Вы отказываете себе во всём ради Небесного Иерусалима, голодаете и мёрзнете, льёте кровь, а они, лёжа с блудницами, подстрекают вас: «Так, так». Дьякон времён первомучеников мог не бояться чрева львиного на римской арене, апостол не боялся даже креста, а у нас нашёлся один только, бедный несвижский мученик Автроп. Человек, который досыта не ел подливки с чесноком, человек, которому вера его ничего не дала, отдал за эту веру больше, чем те, кому она дала всё. Отдал самое дорогое, что у него было: несытую, достойную жалости, но ведь всё же жизнь. И не только за людей, но и за имущество Церкви, крошки которого хватило бы, чтобы дети его всю жизнь не ложились спать впроголодь. Бедный человек! Бедный святой дурень! Великий, Святой Дурень! Он не знал, что рыба давно уже смердит с головы.
Люди молчали каким-то новым, неслыханным доселе молчанием. И тут внезапно загремел голос. Лотр не выдержал.
— Ересь несёшь!

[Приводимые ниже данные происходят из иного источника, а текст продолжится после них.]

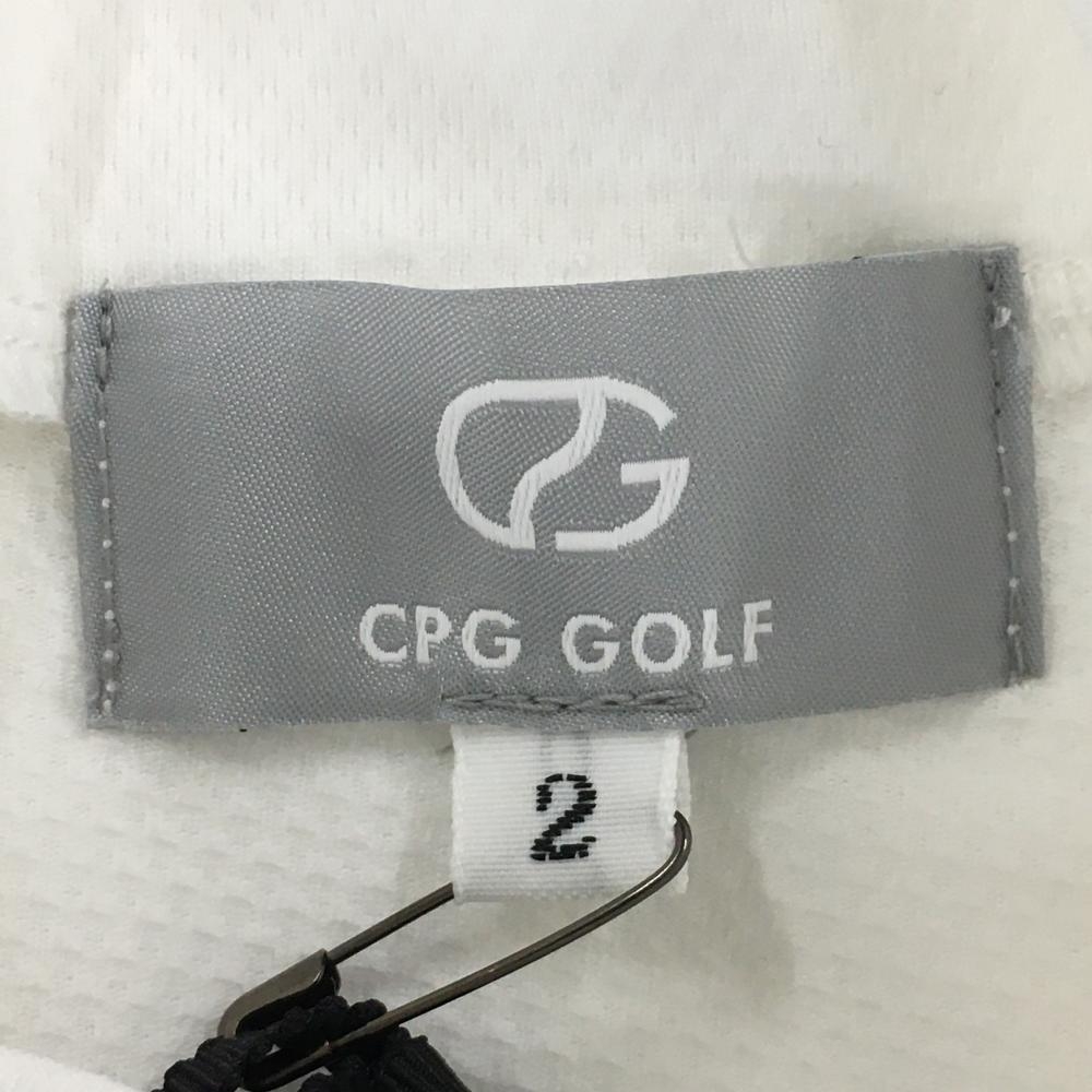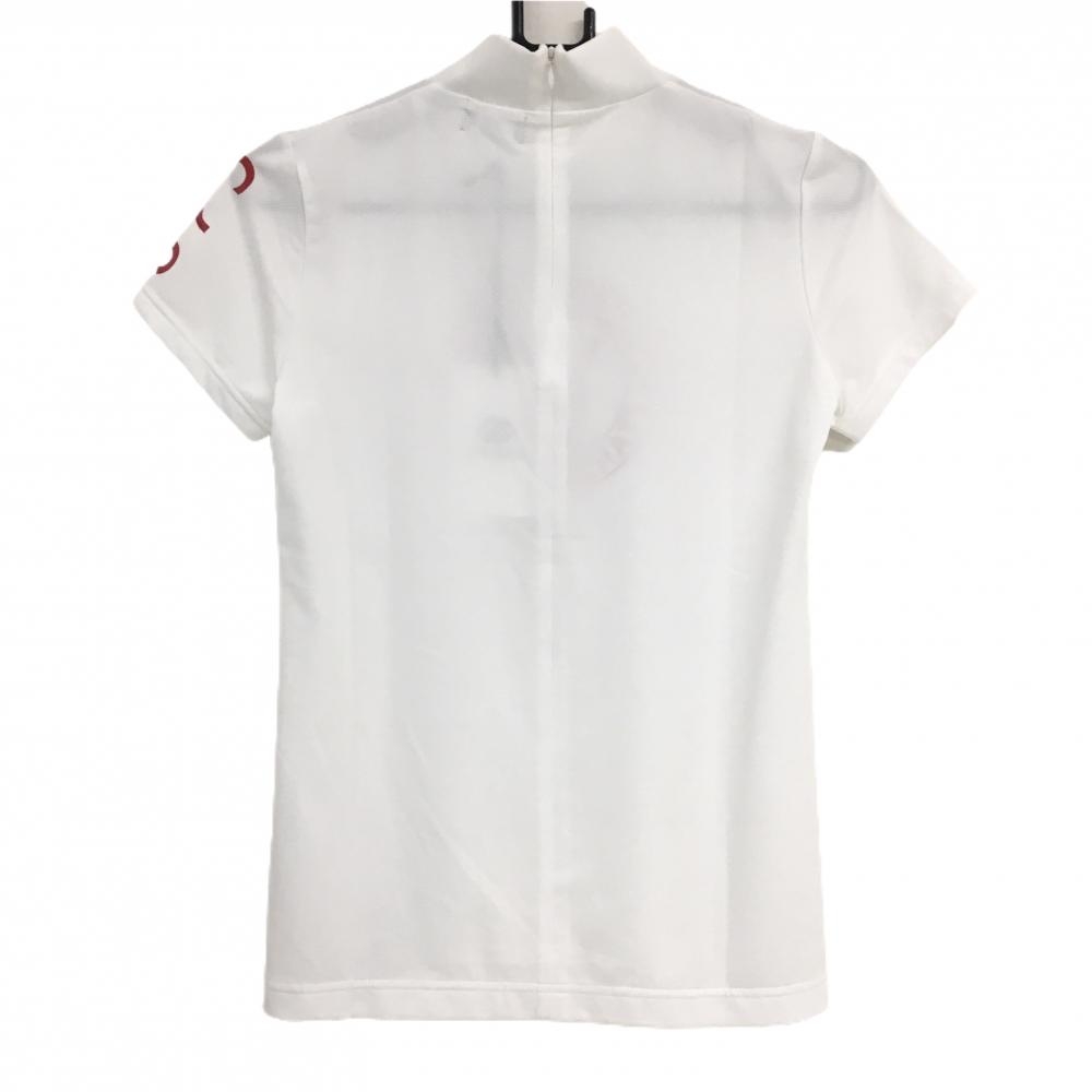【新品】CPG 半袖ハイネックシャツ 白×レッド メッシュ調 ロゴプリント 後ろハーフジップ レディース 2(M) ゴルフウェア 2024年モデル CPG

Опрокидываешь трон Христа, философ!
Все увидели, как он железной перчаткой отбросил капюшон и явил людям красное от гнева лицо. Босяцкий не успел удержать его и сейчас уже не мог раскрыть своё инкогнито.
«Что ж, — подумал он, — пусть получит по морде. А получит. Не очень ловок в дискуссиях, а я не имею права поддержать. И кому это нужно в такой день?!».
— Это он иное имеет в виду, — Кристофич обратился к толпе, словно включая её в то, что должно было произойти. — Он хочет сказать, что философы и те, кто пишет, опрокидывают трон Христа, чтобы затем опрокинуть трон Цезаря. Вот чего он не любит. До Христа ему — э-эх!
Толпа окаменела от ужаса. Кристофич, не испугавшись своих слов, произнес с усмешкой:
— Кто может быть против слов «любите ближнего»? Я — нет!
В толпе послышался вздох облегчения. До последней ереси, до отрицания Бога, не дошло. Да и Кристофич был далёк от этого.
— Но посмотрите, как понимают эту любовь те, что смердят с головы. Христос переубеждал, доказывал, но никого не судил и не убивал. А они? Все они?
— А я тебе говорю, что лютеране лучше! — крикнул из толпы какой-то тайный поборник нового учения.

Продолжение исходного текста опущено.